Data for this task below:

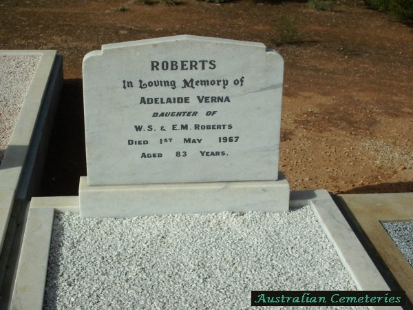 | ROBERTS | Adelaide Verna | photo | 1/05/1967 | 83 | Par W.S&E.M.Roberts | |
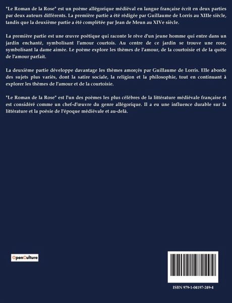 "Le Roman de la Rose" est un poème allégorique médiéval en langue française écrit en deux parties par deux auteurs différents. La première partie a été rédigée par Guillaume de Lorris au XIIIe siècle, tandis que la deuxième partie a été complétée par Jean de Meun au XIVe siècle. La première partie est une ¿uvre poétique qui raconte le rêve d'un jeune homme qui entre dans un jardin enchanté, symbolisant l'amour courtois. Au centre de ce jardin se trouve une rose, symbolisant la dame aimée. Le poème explore les thèmes de l'amour, de la courtoisie et de la quête de l'amour parfait. La deuxième partie développe davantage les thèmes amorçés par Guillaume de Lorris. Elle aborde des sujets plus variés, dont la satire sociale, la religion et la philosophie, tout en continuant à explorer les thèmes de l'amour et de la courtoisie. "Le Roman de la Rose" est l'un des poèmes les plus célèbres de la littérature médiévale française et est considéré comme un chef-d'¿uvre du genre allégorique. Il a eu une influence durable sur la littérature et la poésie de l'époque médiévale et au-delà.
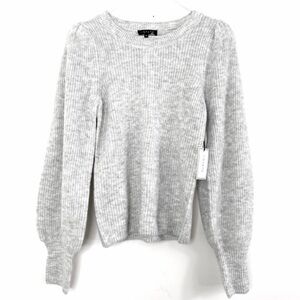 1 State Ruffle Balloon Sleeve Crewneck Rib Sweater Silver in light Gray New with Tags
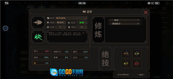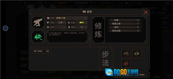 天赋选择 +5御剑、+10防御以及600内力,接着进行新手引导。打开行囊,学习初始武学,包括微势、轻功、内功和剑法。在右下角的蓝色大圆盘处进行躲避飞剑修炼,选择修炼5天,只要坚持26秒,就能获得1000多武学经验,同时轻功加速,招架还会生成保护罩,我认为这是获取武学经验最快的方式。之后把这3个武功练满。
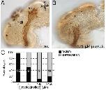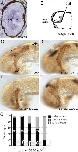 Figure 4- RGC axons fail to navigate the midâdiencephalic turn in the presence of the actin stabilizer, jasplakinolide. A,B: X. laevis brains were exposed to control or jasplakinolide solutions from stage 33/34 to stage 40. C: Graph showing the percentage of embryos with optic tracts that reached the optic tectum (tectum), or failed to navigate the turn in the diencephalon (diencephalon). Number of brains analyzed for each condition indicated within the bars.
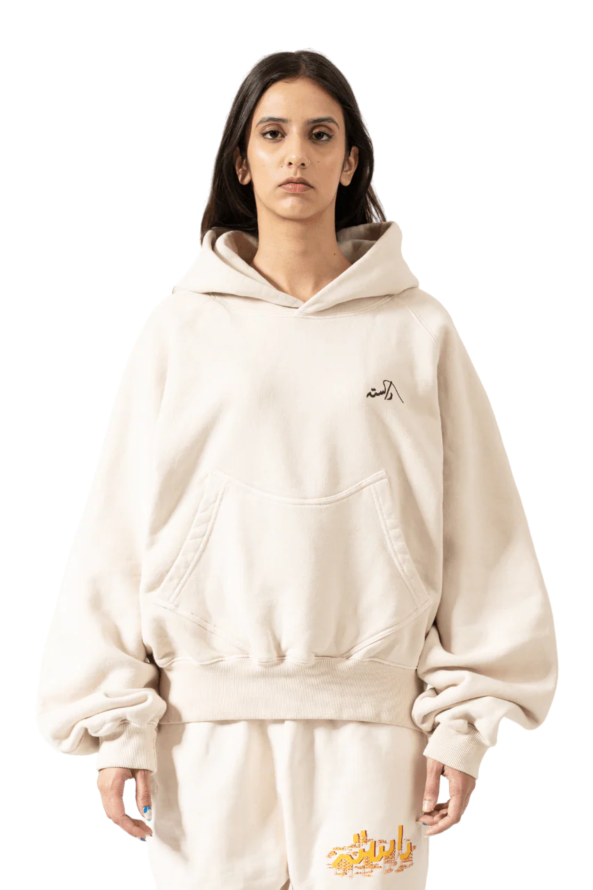 This Beige Hoodie presents a refined silhouette, introducing a new cropped, baggier fit with a curved pocket shape and raglan sleeves. The front showcases an Urdu Rastah logo emblem, while the back features the English logo and "Made in Pakistan" inscription in Urdu typography. Crafted from a robust 500 GSM, 100% cotton blend, this hoodie ensures both durability and comfort in its oversized design.
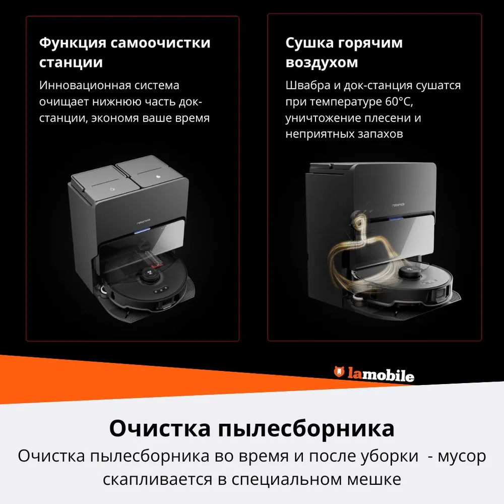 Робот-пылесос, станция самоочистки, кабель подключения в сеть, 2 мешка для сбора мусора, инструкция пользователя

End of Data for this task.

What needs to be done: Would you transcribe exactly, and only, the lines from the one containing "This Beige Hoodie" through the last line of the records above, both included, leaving out the pictures?

Output for this task:
 This Beige Hoodie presents a refined silhouette, introducing a new cropped, baggier fit with a curved pocket shape and raglan sleeves. The front showcases an Urdu Rastah logo emblem, while the back features the English logo and "Made in Pakistan" inscription in Urdu typography. Crafted from a robust 500 GSM, 100% cotton blend, this hoodie ensures both durability and comfort in its oversized design.
 Робот-пылесос, станция самоочистки, кабель подключения в сеть, 2 мешка для сбора мусора, инструкция пользователя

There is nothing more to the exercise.